I am just a developer, who doesn't have deep knowledge in DBA. So need experts suggestions in this. I have two offline databases in two cities, I want to make a synchronization between two databases using a third database which will be stay alway online in a live server.

My problem is like this, Location A database is in New York. Location B database is in Canada. And they are in local machine, so no connection between them. Now I need to show the changes of Location A's to Location B and Location B's to Location A. Yeah this can be solve by MASTER-MASTER replication. Also i have found a way to solve autoincrement indexes issue, by separating index numbers in different servers.

But I need another live server C where Location A's and Location B's change will reflect. So some users need not to access Location A or Location B for looking into changes. I do not also want's to use RING replication. because if one goes down then rest of the RING will be broken.

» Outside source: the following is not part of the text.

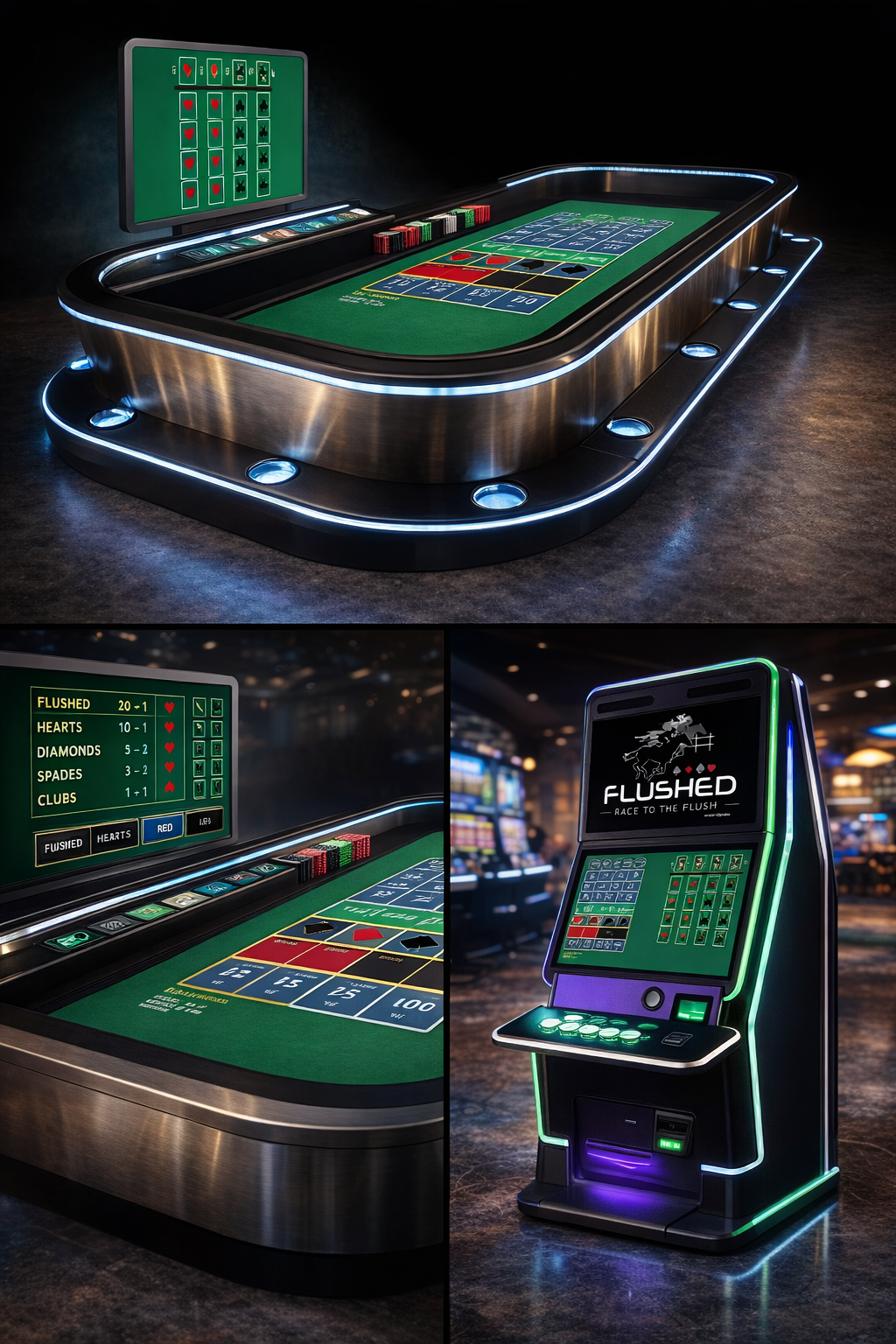 Flushed supports multiple concurrent wager types—round length, suit, color, ranges, bonus outcomes, and progressive—making it well-suited for ETG terminals, stadium formats, and hybrid digital deployments.

In summery I want to make the replication like this

enter image description here

Need help about replication process.

Thanks in advance,


  • What version are you running? Does it have "multi-source" replication?
    – Rick James
    Commented Dec 1, 2017 at 18:28
  • it's 5.7. I am still developing the solutions. So I'm open for the suggestions
    – nixon1333
    Commented Dec 3, 2017 at 4:15

1 Answer 1


One solution that could work is a Galera cluster with one node in read-only mode. (See e.g. here for info about geo-distributed Galera cluster.) Galera cluster is a (virtually) synchronous multi-master solution. MariaDB and Percona provide this technology, as does Galera themselves. There is one problem: Since you would be writing to more than one node, there is a higher likelihood of experiencing deadlocks / certification failures, including on commit. (See this article for an explanation.) However, this is something your application could handle if you take care when developing it.

Be sure to review the Galera cluster limitations before you decide on this technology. Some of the most notable requirements are: A Linux OS, it only supports the InnoDB storage engine, and all tables must have an explicit primary key.

MySQL Group Replication is a similar technology, but this wouldn't be suitable for geo-distributed database nodes as in your use-case.

  • 1
    Even writing to one node, you can get deadlocks. The only difference is that you must check for errors also on COMMIT. InnoDB and mandatory PK are not big constraints. Galera has a way to handle "Critical read". Another discussion.